I have had two experiences with sick cats, and I totally agree with this - a cat knows when it is time.

When I was fifteen, the cat that I had grown up with (Misty), then almost 18 himself, began to suffer renal failure. He slowed down, but refused to give up. I remember coming home from school and see him begin to run towards me, then he would realise that he was in some pain and slow down to a walk. I still sat on the knees of any available seated person and purred like a diesel engine. He always chose his seating positions very carefully, and seemed very adept at managing his own condition, his eyes always looked happy even at the very end. When his time finally came, as with many cats, Misty walked into the night and never came back. I'm nearly 40 now and I still find myself looking out for him - he had been a constant companion throughout my childhood and his little face is etched into my memory.

More recently, I was owned by Charlie, a "Sylvester"-type character who was diagnosed diabetic at the age of about 10. His health deteriorated very quickly and he spent several days receiving 24-hour care at the vet's surgery. I visited daily at this time, and the vets told me how he always perked up at this times. He could have been sad and sleepy all day, but I always say improvement. Charlie was the perfect patient, and never had any problems taking his injections.
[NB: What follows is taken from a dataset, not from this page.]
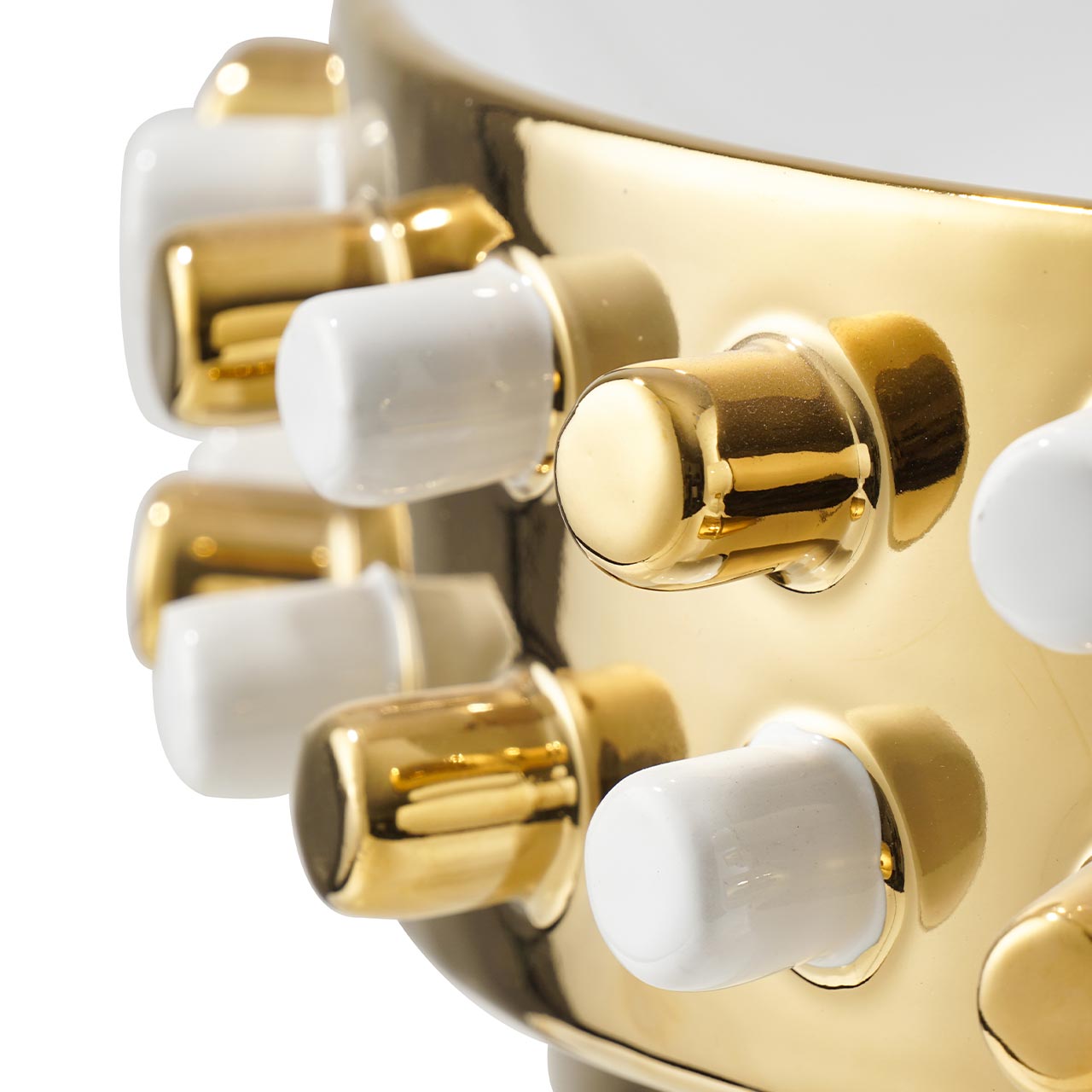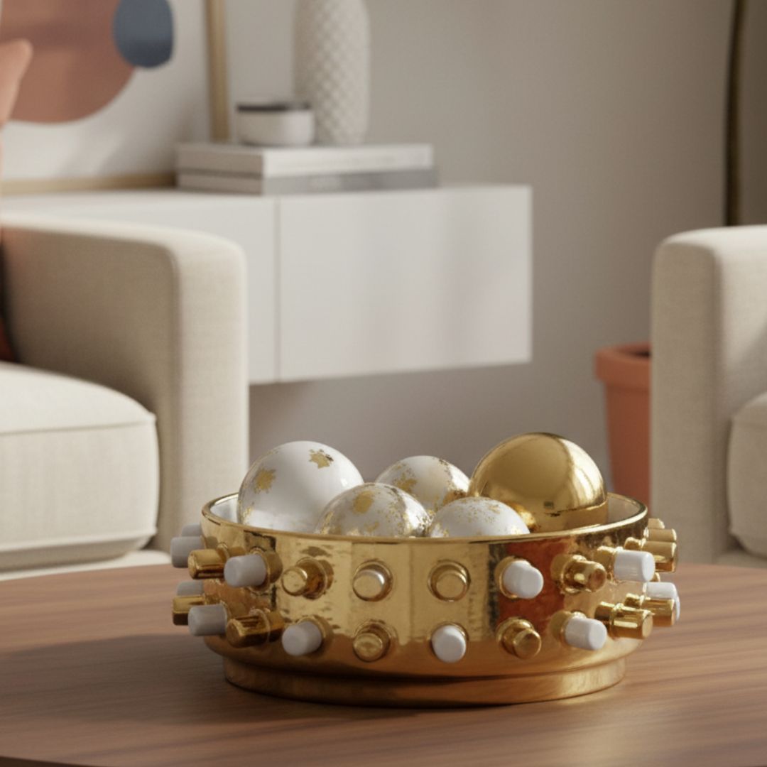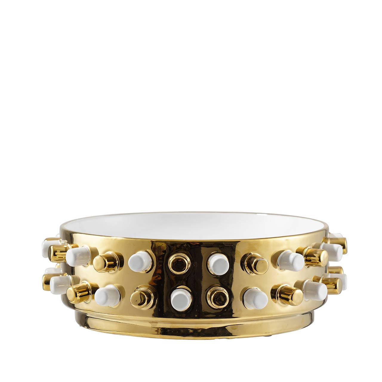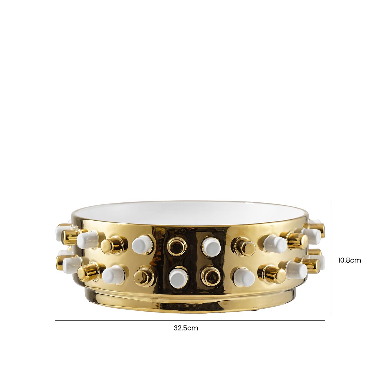 Add a touch of luxury to your décor with this 10.8cm gold and white studded ceramic dish. Its elegant design and shimmering gold accents make it a perfect tabletop or shelf accent. Ideal for holding small décor items or as a standalone piece, it brings sophistication and a contemporary charm to any space.

Unfortunately, late last year my work and family situations caused me to take the most difficult decision, it became clear to me that I wasn't able to give Charlie all of the time, care and attention that he needed, so I had to find him a home with a charity that I knew well. The old boy soldiers on in his own way, he is everybody's friend and probably considers himself human judging by his general attitude!

Its is clear from everything I've seen in Bob's blog that he has enjoyed a good life and is still enjoying it despite the severity of his condition, my thoughts are with him as he battles against adversity!

I admire what you are doing for Bob. I've been thinking of you, Sam and Bob - I know it is difficult for you all. It is sad to see these photos of your dear cat grown thin and ill; but if he is still living his life (rather than suffering and not coping), then I am sure you are doing what is right for Bob. I've got to know enough about you to be sure you will continue to do what you know is right for him too.
We have an elderly cat, who has kidney and blood pressure problems. He also has arthritis and we've noticed recently, that he is not walking so comfortably and seems stiff. We give him glucosamine tablets and cod liver oil, which we're adjusting to help him. My son suggested we "take him for walks" to give him a little gentle exercise - he likes to follow us if we will wait patiently for him to explore and catch up. I hope that, when he gets to the point where he's struggling, we are able to face the inevitable with courage and intelligence, just like you.
Love and prayers to Bob Dole, also to Robin and Sam.

Ahhh, you posts and photos of Bob make me cry, my heart aches for you both. Like you, I just don't want him to suffer. You have done an amazing job with him, and I know that he feels very loved. You are both in my prayers.

Thank you for all you do for our cat friends.

Bless little Bob, and you. You are doing the right thing in that you are watchful for signs of distress. You'll do what you need to when it's time.

Sweetie Bob! Thanks to give a new life for him!

(This is just a general comment in response to something you wrote, not a specific comment directed to you about your situation with Bob.)

You say "Try to watch out for the urge to just get it over with because YOU are suffering watching this natural process occur. This is very very difficult, but we owe it to our animals to give them every option and every day we can." but the opposite is true as well. People often prolong things unnecessarily just because they feel like they should fight to the bitter end, when really the animal (or the person, for that matter -- we do the same thing with people) would have preferred to just move on. People don't always know "when it's time" when it actually *is* time, even if the animal does. Sometimes "it's time" is just the point where the people run out of things to try, or the point where they finally hear what the animal has been trying to tell them for days/weeks/months.